Please set down exactly the lines of the listing below from the line containing "[런던포토] 선수처럼 달려나가는 홍명보 감독, 얼마나 기뻤으면!" through the line containing "Its badge was", both lines included, leaving out all other lines.

### DATA SECTION
○ ○ ○
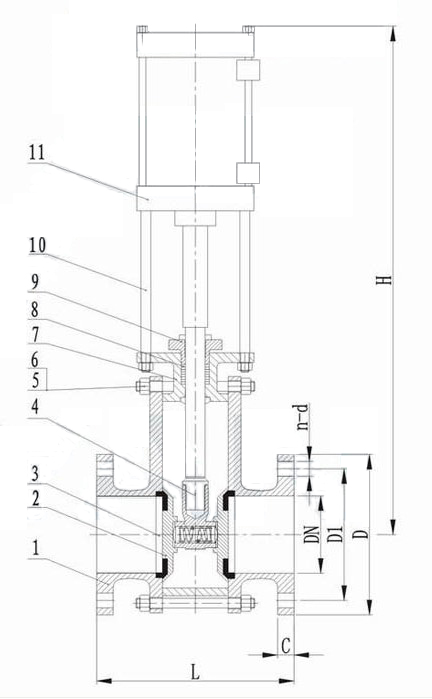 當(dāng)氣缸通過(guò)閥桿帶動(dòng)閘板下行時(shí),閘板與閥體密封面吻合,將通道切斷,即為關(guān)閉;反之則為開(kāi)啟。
○ ○ ○
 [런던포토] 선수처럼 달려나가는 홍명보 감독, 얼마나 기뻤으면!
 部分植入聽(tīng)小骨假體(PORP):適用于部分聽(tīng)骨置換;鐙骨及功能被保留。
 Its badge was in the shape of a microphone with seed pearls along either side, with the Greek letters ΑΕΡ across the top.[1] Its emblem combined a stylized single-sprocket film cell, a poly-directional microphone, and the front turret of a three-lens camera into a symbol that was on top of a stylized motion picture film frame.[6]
○ ○ ○
### TASK ANSWER
 [런던포토] 선수처럼 달려나가는 홍명보 감독, 얼마나 기뻤으면!
 部分植入聽(tīng)小骨假體(PORP):適用于部分聽(tīng)骨置換;鐙骨及功能被保留。
 Its badge was in the shape of a microphone with seed pearls along either side, with the Greek letters ΑΕΡ across the top.[1] Its emblem combined a stylized single-sprocket film cell, a poly-directional microphone, and the front turret of a three-lens camera into a symbol that was on top of a stylized motion picture film frame.[6]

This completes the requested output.